One cupboard was where I kept my cleaning supplies. I admit it, I normally come in the fall and automatically bring an entire range of cleaning products without checking to see what’s already there. When I began setting out all the cleaning items in that cupboard, I discovered I have enough product to clean the moon and several stars, although some of the wipes and spray are so old that they are kind of dry…okay, they are as dry as the moon as well!
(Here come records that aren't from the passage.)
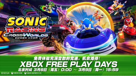 《索尼克赛车 交叉世界》确定将加入Xbox的限期免费游玩权益“免费游戏日”。“免费游戏日”是仅限Xbox Game Pass Ultimate、Premium、Essential会员享受的特殊权益。活动时间之内会员可免费体验《索尼克赛车 交叉世界》正式版。此外,若玩家在免费游戏日之后购买本作,可从免费体验的保存数据开始继续游玩。
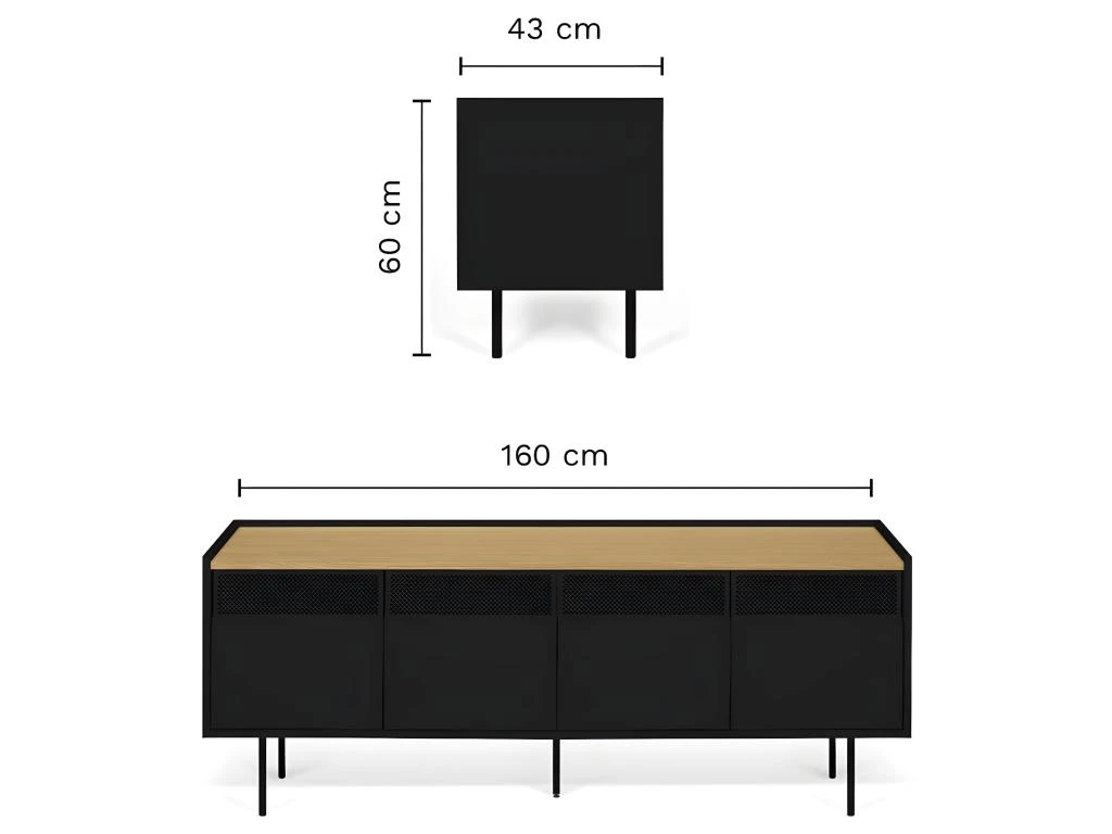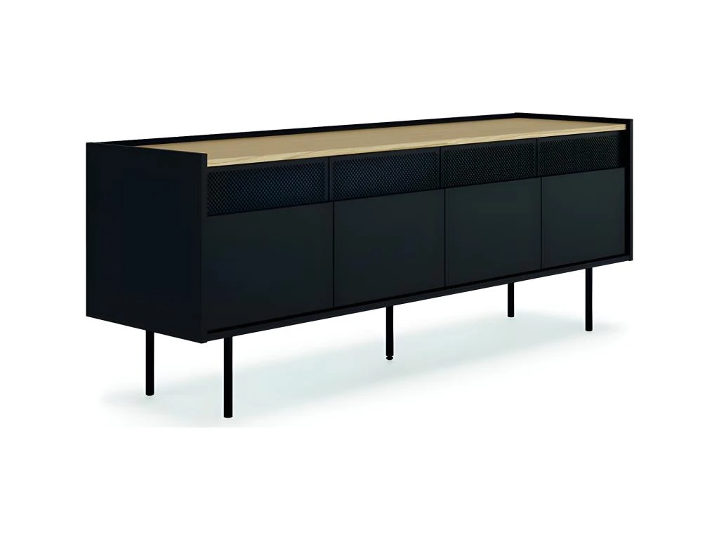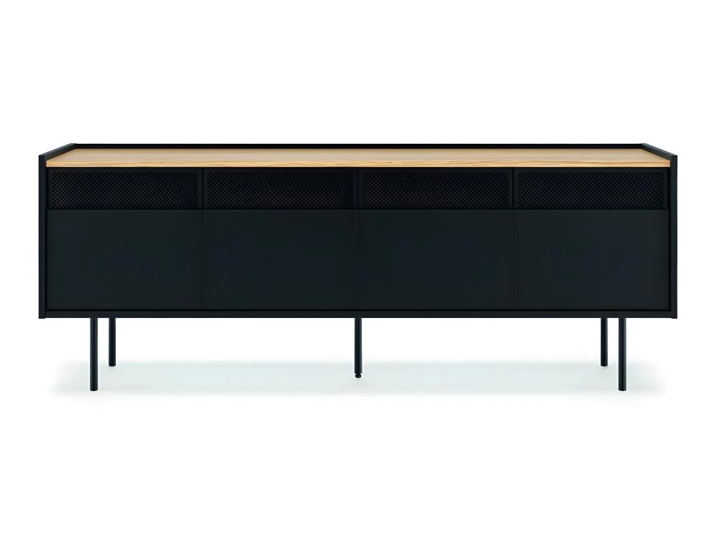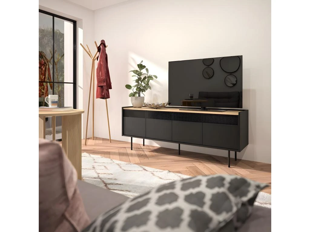 Avec son design dynamique, le meuble TV RADIO offre de nombreux rangements cachés, 4 portes, 2 armoires avec une étagère à l’intérieur. Les grilles métalliques permettent au signal infrarouge de votre équipement audiovisuel de passer.
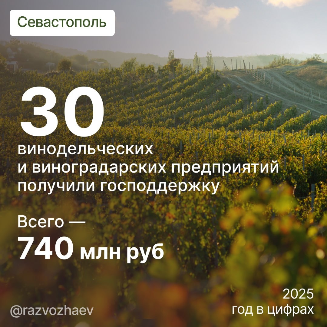 Средства из федерального бюджета мы направили на закладку новых виноградников, приобретение саженцев исключительно российского происхождения, уходные работы, установку шпалер, а также на закупку современного сельскохозяйственного и винодельческого оборудования. Это — реальный вклад в модернизацию производства. Планы на 2026: на поддержку севастопольских виноделов в 2026 году предусмотрено более 500 млн рублей. Государственная поддержка позволит создать новые рабочие места, увеличит приток налогов в региональный бюджет и ещё больше усилит позицию севастопольских вин на российском рынке.
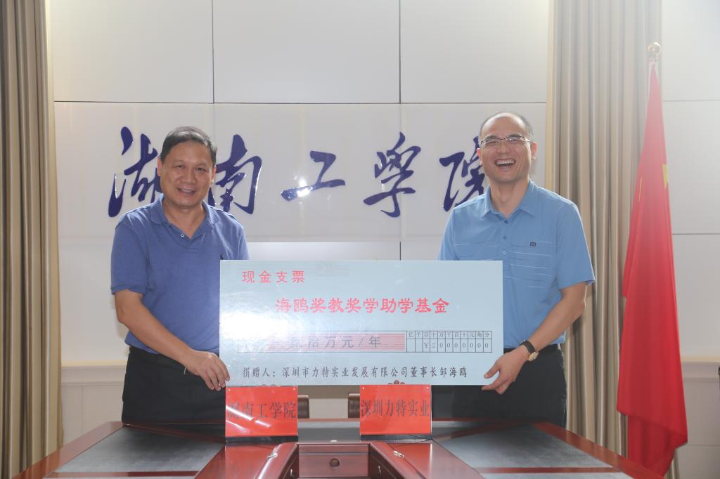 9月16日下午,金冠网址线路检测中心与深圳市力特实业发展有限公司校企战略合作暨“海鸥奖教奖学助学基金”签约仪式在教学大楼12楼会议室举行。校长罗建华,校党委副书记、教育基金会理事长张平,原校领导、教育基金会副理事长胡波年,优秀校友、深圳市力特实业发展有限公司董事长邹海鸥,董事刘萍,总经理廖文胜出席签约仪式。仪式由发展规划与校企合作处处长、教育基金会秘书长刘文华主持。
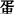【释义】(名)❶ 鸟、龟、蛇等动物所产的带有硬壳的卵:鸡~。❷ (~儿)形状像蛋的东西:山药~|驴粪~儿。❸ 喻指具有某种特点的人(含贬义):糊涂~|坏~。❹ 放在某些动词后组成含贬义的动词:滚~。
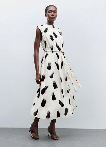 Жіноча сукня Maija з принтом "мазки пензля". Довга сукня вільного крою з чорним кольоровим принтом. Прямий поділ та середня лінія талії. Сукня вільного А-силуету, що підходить для вечірніх виходів. Сукня виконана з поліестерової тканини. Виріз горловини – стійка.
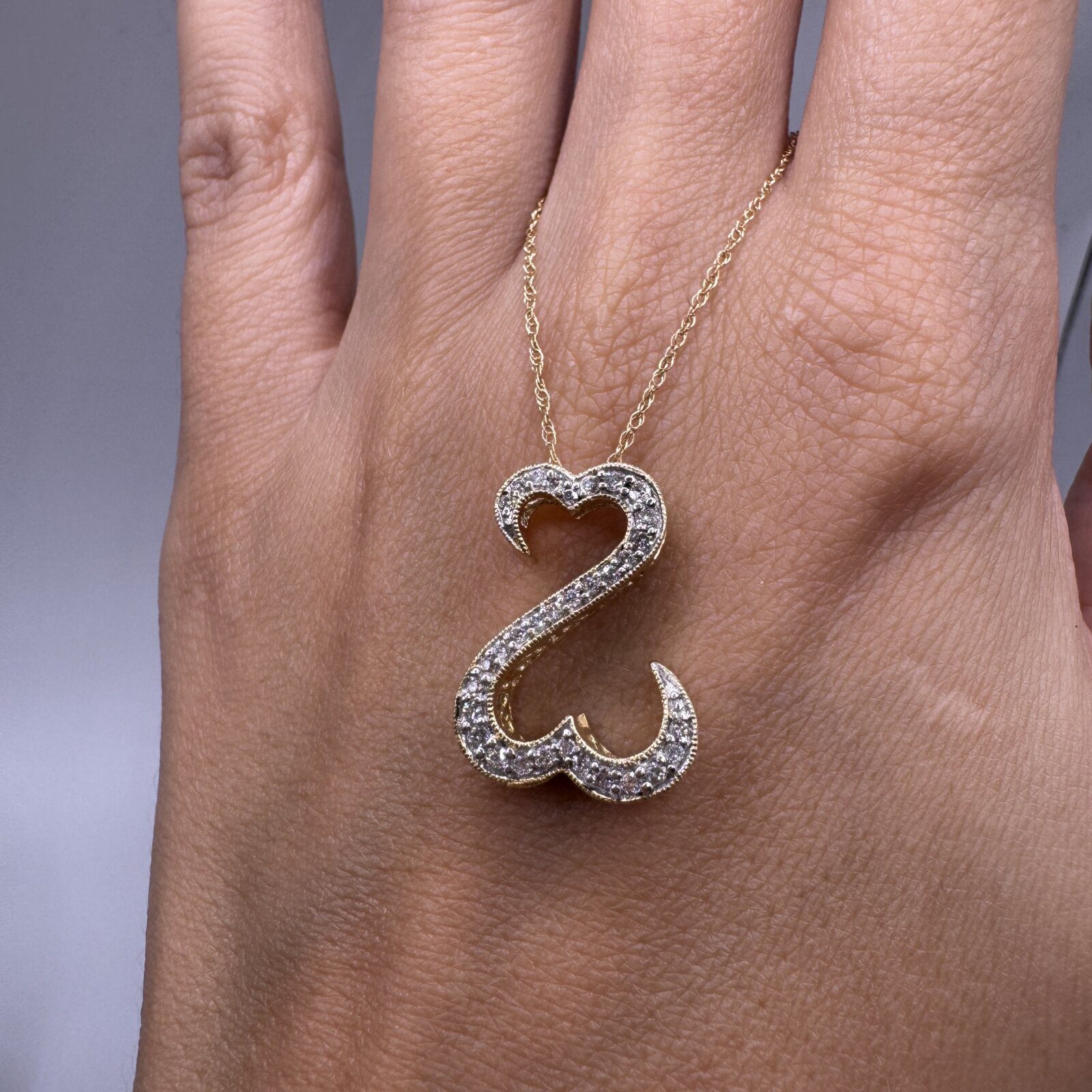 Be the first to review “14k Yellow Gold Double Heart Pendant with Diamonds, 2.32 g, 20 mm”

When I dug behind them, I discovered that I had a huge supply of paper products. I have enough napkins, Kleenex, cups, paper plates, etc., to supply a small nation. What do you do with fourteen opened packages of cups, plates and napkins? I’d tell you what I did, but it would require me making a confession that environmentalists would not care to hear!

I enjoyed going through the books the most. I discovered that about half of the single titles in the stacks in the cupboard had my name in them. Some of them are books I have looked everywhere for at home, while others have not been missed and so will doubtless be donated to some library where they can wonder what to do with them! The rest I’ll take home and shelve next to the new copy I bought of them because I thought I’d lost them!

I sorted through a mountain of construction, card and other colored paper that has somehow landed in my room as my students worked on projects over the years. Index cards cropped up from pretty much every drawer and there aren’t enough recipes in the world to fill them. I also found enough envelopes with the school’s return address on them to send a personal letter to everyone with whom I ever came in contact and have some left over. My only comfort here is that with this amount of paper supply, the school should be able to cross off those supplies on next year’s budget. I’ve got it covered!

It was when I began going through desk drawers that I found the things of most personal regard. My desk is a big, old wooden number with deep drawers and tunneling to the bottom of those was interesting…or maybe disturbing. I found that I had three lighters and a box of matches—we’re not allowed to have candles, so I don’t quite know what they were for. I found three tape measures, two spools of white thread and an old film canister full of needles. Perhaps I could take up dressmaking in my retirement years!

Then there was the silverware. I unearthed no less than 18 forks brought to eat luncheon leftovers and then crammed in the drawers—no, I don’t know why! I also found the other half of my set of white-handled spoons and two perfectly good steak knives. My silverware drawers at home will be overwhelmed!

Amongst the half empty bags of cough drops and outdated bottles of aspirin, I found a set of feminine products that I haven’t needed for 15 years. I donated that to the trash can.  At the very bottom of the drawer were two cans of pears…one of them outdated and the other not. Obviously, I intended to use the spoons to eat them, I just don’t know when.

My desks and cupboards are pretty clean now, so I won’t be leaving any mysteries behind for the new teacher in this classroom. However, I’ve just realized that I have several shelves in the room that I need to sort through…I’m not sure I want to leave things behind like my bust of Shakespeare, which might make sense to a new English teacher…but I know I don’t want to leave my statues of Santa Claus and the goat behind—it would leave a certain amount of questions! 25 years sure goes fast!